(Information provided Opens)

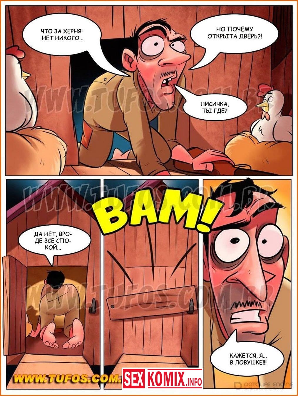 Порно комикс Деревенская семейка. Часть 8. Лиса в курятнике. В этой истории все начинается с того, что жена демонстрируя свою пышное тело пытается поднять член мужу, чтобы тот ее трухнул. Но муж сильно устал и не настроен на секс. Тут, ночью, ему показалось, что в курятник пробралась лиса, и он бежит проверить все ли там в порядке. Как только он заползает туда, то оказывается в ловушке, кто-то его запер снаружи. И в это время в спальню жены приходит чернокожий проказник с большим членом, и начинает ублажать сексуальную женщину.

(Information provided Closes)
(Information provided Opens)

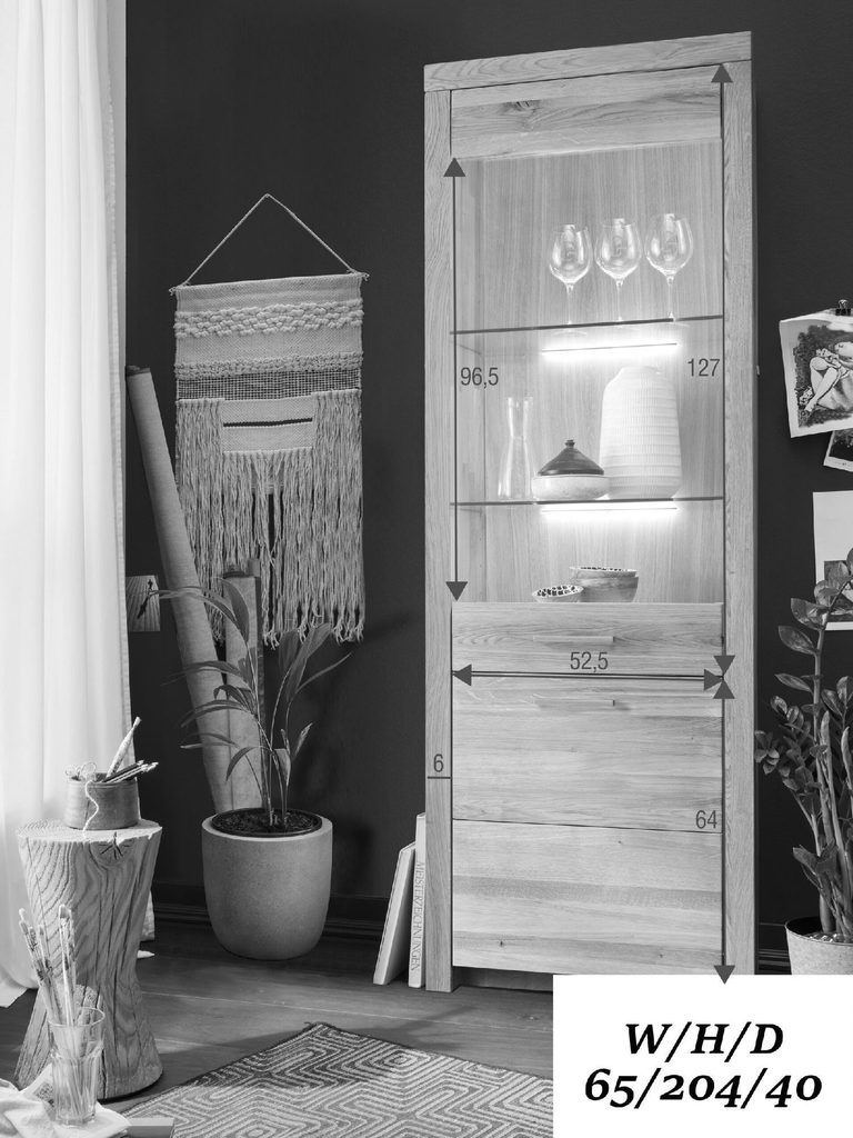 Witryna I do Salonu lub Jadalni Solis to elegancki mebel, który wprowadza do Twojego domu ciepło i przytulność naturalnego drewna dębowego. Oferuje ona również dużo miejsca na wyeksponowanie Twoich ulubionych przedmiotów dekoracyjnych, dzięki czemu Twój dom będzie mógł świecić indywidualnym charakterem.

(Information provided Closes)
(Information provided Opens)

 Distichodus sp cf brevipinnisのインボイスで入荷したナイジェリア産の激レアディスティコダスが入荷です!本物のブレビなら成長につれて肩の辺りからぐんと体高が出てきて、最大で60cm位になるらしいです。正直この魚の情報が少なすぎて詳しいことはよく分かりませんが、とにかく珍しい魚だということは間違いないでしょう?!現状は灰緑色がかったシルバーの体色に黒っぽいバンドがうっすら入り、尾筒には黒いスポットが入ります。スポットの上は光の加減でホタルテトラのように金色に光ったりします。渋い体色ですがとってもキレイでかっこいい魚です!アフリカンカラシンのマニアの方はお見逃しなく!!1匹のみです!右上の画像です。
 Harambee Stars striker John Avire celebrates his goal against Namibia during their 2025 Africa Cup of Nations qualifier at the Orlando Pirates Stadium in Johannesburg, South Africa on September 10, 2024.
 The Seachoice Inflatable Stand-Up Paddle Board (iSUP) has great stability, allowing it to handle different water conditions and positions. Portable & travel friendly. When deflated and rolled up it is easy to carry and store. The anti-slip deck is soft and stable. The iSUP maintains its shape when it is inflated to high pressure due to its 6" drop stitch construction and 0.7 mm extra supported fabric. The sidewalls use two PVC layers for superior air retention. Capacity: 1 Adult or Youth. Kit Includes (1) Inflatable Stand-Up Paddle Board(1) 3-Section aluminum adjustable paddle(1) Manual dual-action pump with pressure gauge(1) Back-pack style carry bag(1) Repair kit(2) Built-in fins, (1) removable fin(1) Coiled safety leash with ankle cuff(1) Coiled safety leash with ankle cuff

(Information provided Closes)

Within the data above, the span starting at the line containing "Harambee Stars striker" and ending at the line containing "The Seachoice Inflatable" is to be retyped exactly, with no other lines.

▶ Reply
 Harambee Stars striker John Avire celebrates his goal against Namibia during their 2025 Africa Cup of Nations qualifier at the Orlando Pirates Stadium in Johannesburg, South Africa on September 10, 2024.
 The Seachoice Inflatable Stand-Up Paddle Board (iSUP) has great stability, allowing it to handle different water conditions and positions. Portable & travel friendly. When deflated and rolled up it is easy to carry and store. The anti-slip deck is soft and stable. The iSUP maintains its shape when it is inflated to high pressure due to its 6" drop stitch construction and 0.7 mm extra supported fabric. The sidewalls use two PVC layers for superior air retention. Capacity: 1 Adult or Youth. Kit Includes (1) Inflatable Stand-Up Paddle Board(1) 3-Section aluminum adjustable paddle(1) Manual dual-action pump with pressure gauge(1) Back-pack style carry bag(1) Repair kit(2) Built-in fins, (1) removable fin(1) Coiled safety leash with ankle cuff(1) Coiled safety leash with ankle cuff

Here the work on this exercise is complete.